YOUR OBJECTIVE =>
With the pictures left out, print exactly the lines below that run from the one containing "Capturing the essence" through the one containing "The monitor controls".

Items from a data source:
━━━━━━━━━━━━━━━━━━━━━━━━━━━━━━

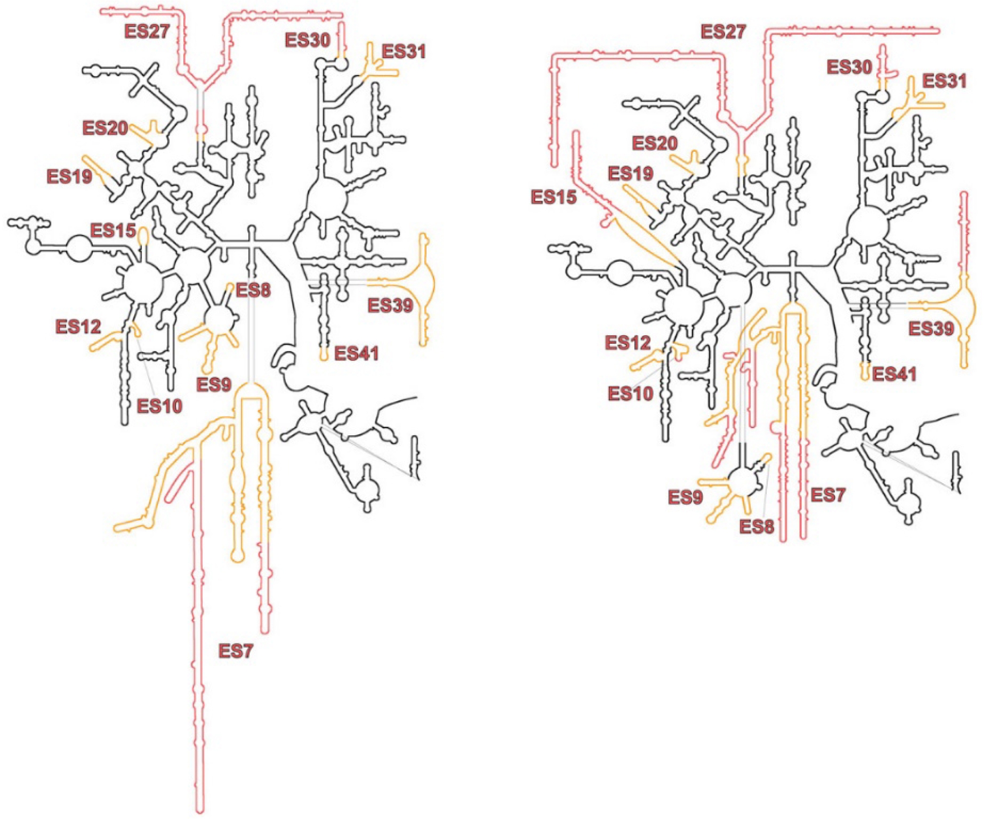Secondary structure of 28S rRNA: on the left, the secondary structure from Gallus gallus; and on the right, the one from Homo sapiens. In black are the rRNA conserved between the two species. Expansion segments are represented in yellow/red color. Rred indicate the parts of expansion segments which are flexible and not visible in cryo-EM three-dimensional structure.
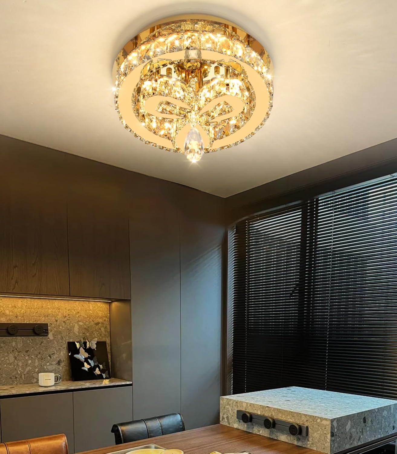 12'' Modern Crystal Chandelier LED Dimmable Flush Mount Ceiling Light Pendant Light for Hallway Living Room Bedroom Dining Room Foyer Gold
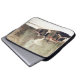 This laptop sleeve looks exactly as it does in picture. I actually thought is was too small until I put my laptop in it. It's a bit snug, but it fits. Figure it will stretch a bit, hopefully seams hold. Them seem good for now. I didn't have any personalization done, looks great as is.
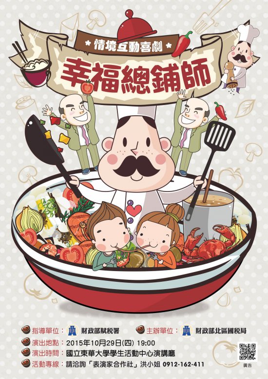 一、「幸福總鋪師」演出資訊如下: (一)演出時間: 2015 年 10 月 29 日(四)19 時 00 分 (二)演出地點:東華大學學生活動中心演講廳 二、「藝啟合作」演出資訊如下: (一)演出時間: 2015 年 10 月 30 日(五)19 時 00 分 (二)演出地點:東華大學學生活動中心演講廳 三、以上活動不需報名、免費入場,歡迎自由入座。
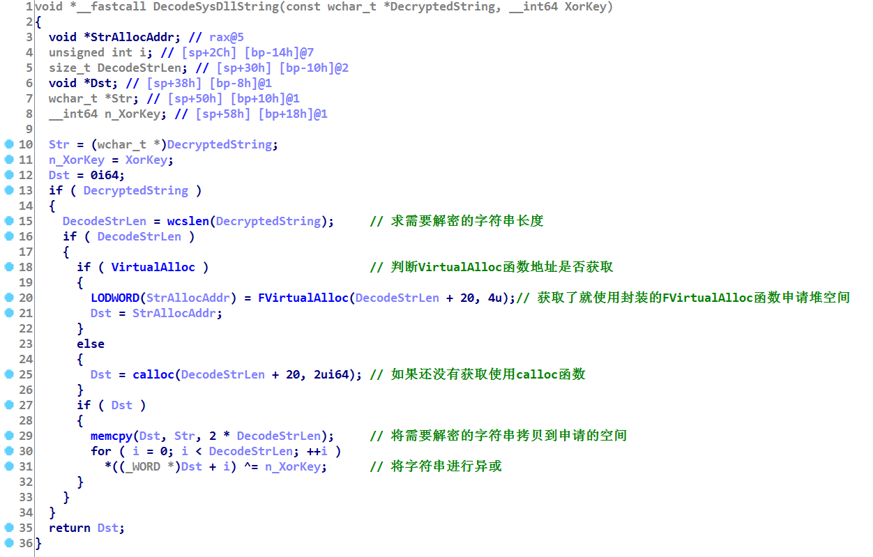 此图为DecodeSysDllString函数内部逻辑,函数功能已经逐行注释了
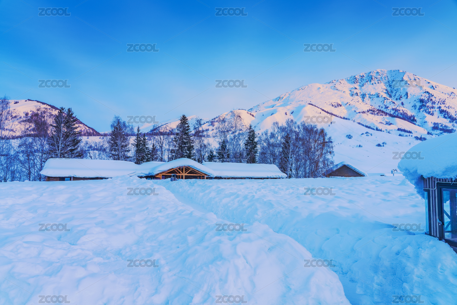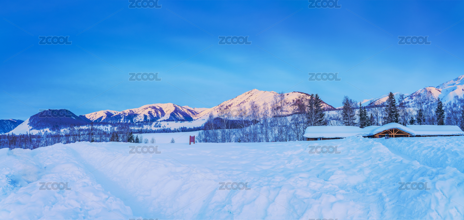 中国北疆禾木雪山自然风光
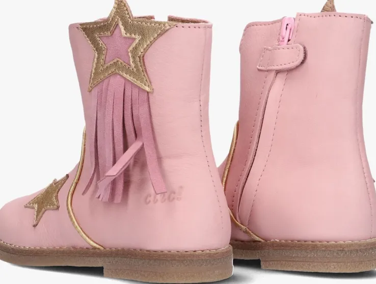 Maak kennis met de 20908 enkelboots van CLIC! Deze roze beauties zijn perfect voor meisjes die houden van stijl en comfort. Het bovenwerk bestaat uit roze leer met goudkleurige sterren en suède franjes. Trek ze aan voor een dagje shoppen met vriendinnen of een middagje in het park. De zachte roze kleur maakt ze ideaal om te combineren met een spijkerrokje en een vrolijk T-shirt, maar ze staan ook geweldig onder een jurkje. De stevige zool zorgt voor extra grip, zodat je zorgeloos kunt rondrennen. Met deze boots aan je voeten ben je altijd klaar voor avontuur!
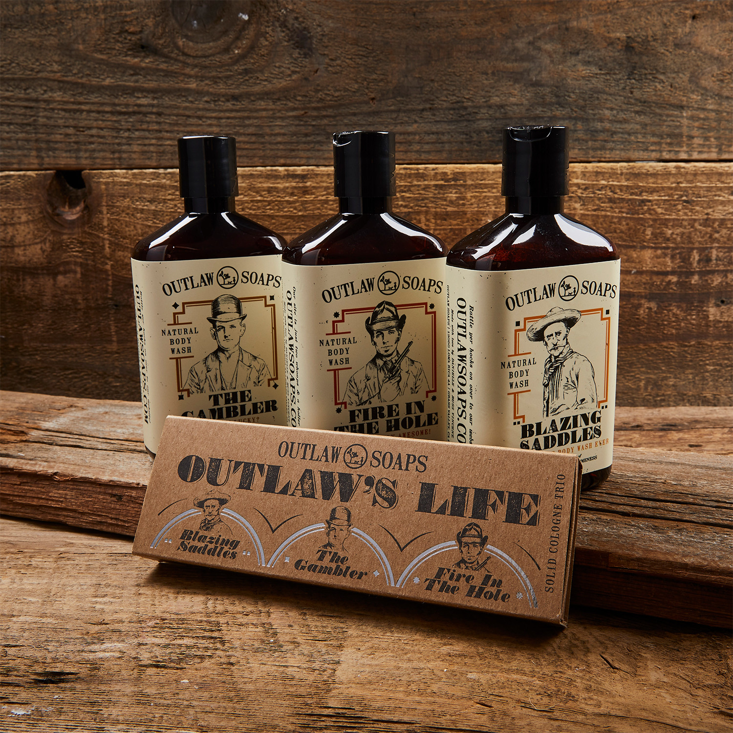 Capturing the essence of rambling cowboys, fearless adventurers, and the invigorating smell of the great outdoors; the Cologne + Body Wash Trio by Outlaw Soaps is designed to give you an enticing, ruggedly masculine scent that lasts all day long. With 3 travel-ready, solid colognes and 3 natural body washes, this set is designed to evoke the spirit of the Wild West while leaving your skin clean, silky soft, and smelling incredible.
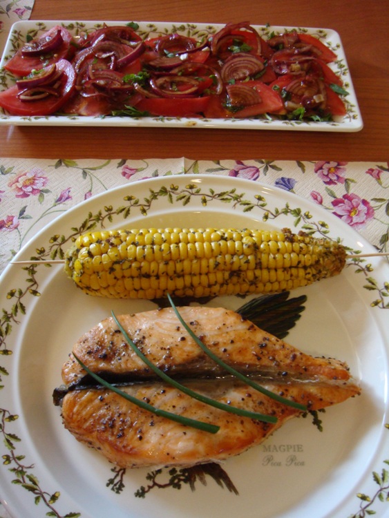 кукуруза в специях и рыба на гриле с bourbon smoked
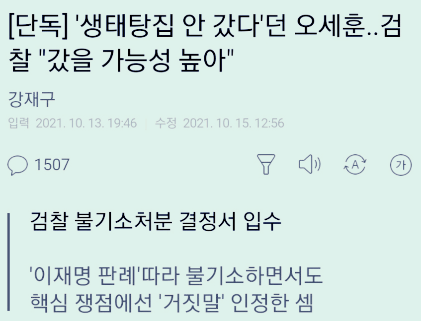 하지만 여전히 국힘당은 불기소 받아서 생태탕은 가짜뉴스라고 한다.
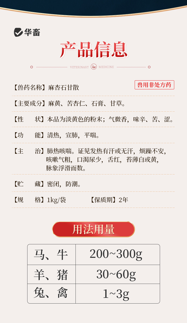 华畜麻杏石甘散1kg 肺炎咳喘 清肺止咳 禽畜通用呼吸道药
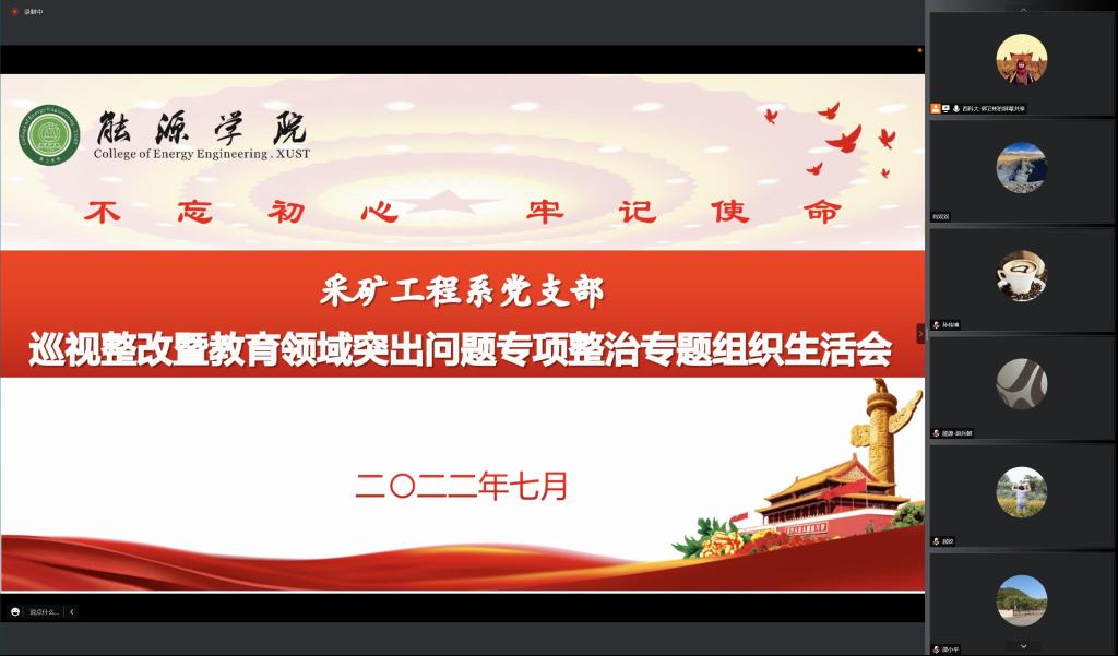 7月13日,根据学院党委安排要求,采矿工程系党支部召开巡视整改暨教育领域突出问题专项整治专题组织生活会,伍永平教授到会指导,会议由支部书记郭卫彬主持。
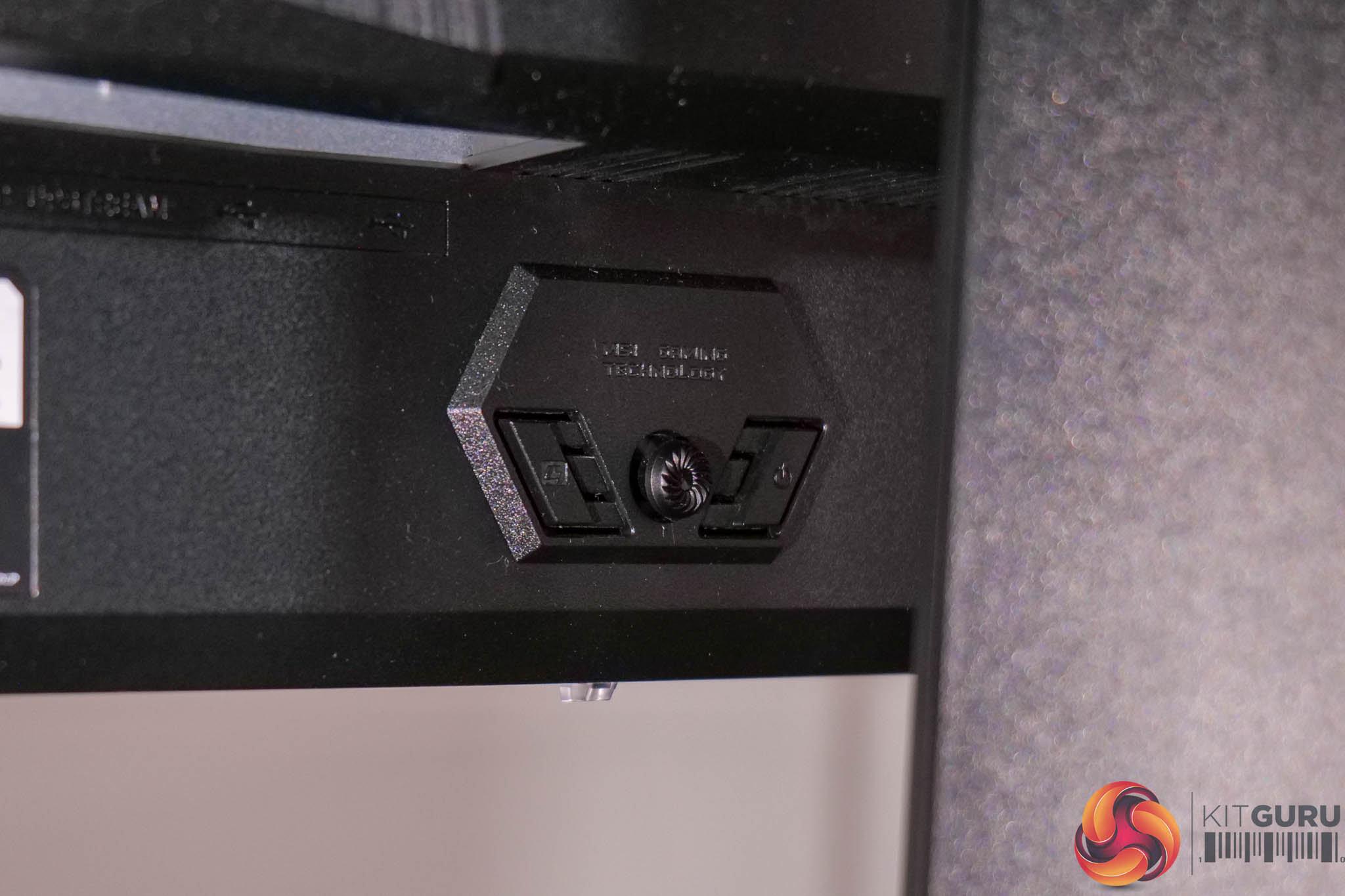The monitor controls are positioned centrally and offer a joystick for navigating the OSD, along with a power button and one user configurable button.
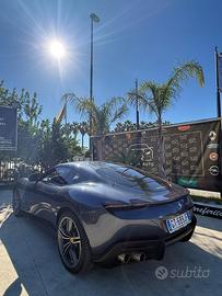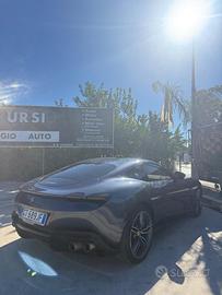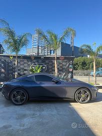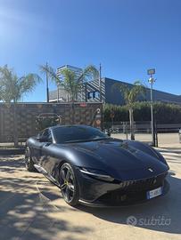Ferrari Roma 3.9 V8 - L'eleganza incontra la potenzaUn'auto che non si guida soltanto: si vive. La Ferrari Roma rappresenta l'essenza del Gran Turismo italiano, un connubio perfetto di bellezza senza tempo, tecnologia d'avanguardia e prestazioni straordinarie. Ogni linea, ogni dettaglio, ogni emozione è pura arte di Maranello. [?] Prestazioni e meccanicaSotto il lungo cofano si cela un V8 biturbo da 3.9 litri, capace di erogare 620 CV e 760 Nm di coppia, abbinato al cambio automatico a doppia frizione a 8 rapporti, lo stesso derivato dalla SF90. Accelerazione 0-100 km/h in 3,4 secondi, con una velocità massima che supera 320 km/h. Una spinta continua e fluida, accompagnata da un sound inconfondibile e raffinato, regolato dalle valvole attive dello scarico sportivo. Design e comfortLa Roma è eleganza pura. Il suo design pulito e scultoreo, ispirato alle Ferrari degli anni '60, nasconde una tecnologia da supercar moderna. L'abitacolo è un salotto sportivo, pensato per il piacere di guida e per sorprendere chiunque salga a bordo. Principali caratteristiche: Accensione touch e sistema keyless Doppio schermo digitale: strumentazione completamente configurabile e display touch dedicato al passeggero, per gestire musica, navigazione e performance in tempo reale Sedili sportivi elettrici e riscaldabili, con funzione automatica di avanzamento per l'accesso ai posti posteriori Climatizzatore automatico bi-zona Volante multifunzione in fibra di carbonio con LED di cambiata integrati Drive Mode Selector "Manettino" con modalità Wet, Comfort, Sport, Race, ESC-Off, per un'esperienza di guida su misura Sospensioni magnetoreologiche adattive (SCM-E Frs) Telecamera e sensori di parcheggio anteriori e posteriori Sistema di infotainment con interfaccia touch intuitiva Apple CarPlay / Android Auto Impianto frenante carboceramico (CCM) Cerchi in lega da 20" forgiati Pacchetto completo in fibra di carbonio (esterni e interni) Cuciture a cont

━━━━━━━━━━━━━━━━━━━━━━━━━━━━━━

TASK RESPONSE =>
 Capturing the essence of rambling cowboys, fearless adventurers, and the invigorating smell of the great outdoors; the Cologne + Body Wash Trio by Outlaw Soaps is designed to give you an enticing, ruggedly masculine scent that lasts all day long. With 3 travel-ready, solid colognes and 3 natural body washes, this set is designed to evoke the spirit of the Wild West while leaving your skin clean, silky soft, and smelling incredible.
 кукуруза в специях и рыба на гриле с bourbon smoked
 하지만 여전히 국힘당은 불기소 받아서 생태탕은 가짜뉴스라고 한다.
 华畜麻杏石甘散1kg 肺炎咳喘 清肺止咳 禽畜通用呼吸道药
 7月13日,根据学院党委安排要求,采矿工程系党支部召开巡视整改暨教育领域突出问题专项整治专题组织生活会,伍永平教授到会指导,会议由支部书记郭卫彬主持。
The monitor controls are positioned centrally and offer a joystick for navigating the OSD, along with a power button and one user configurable button.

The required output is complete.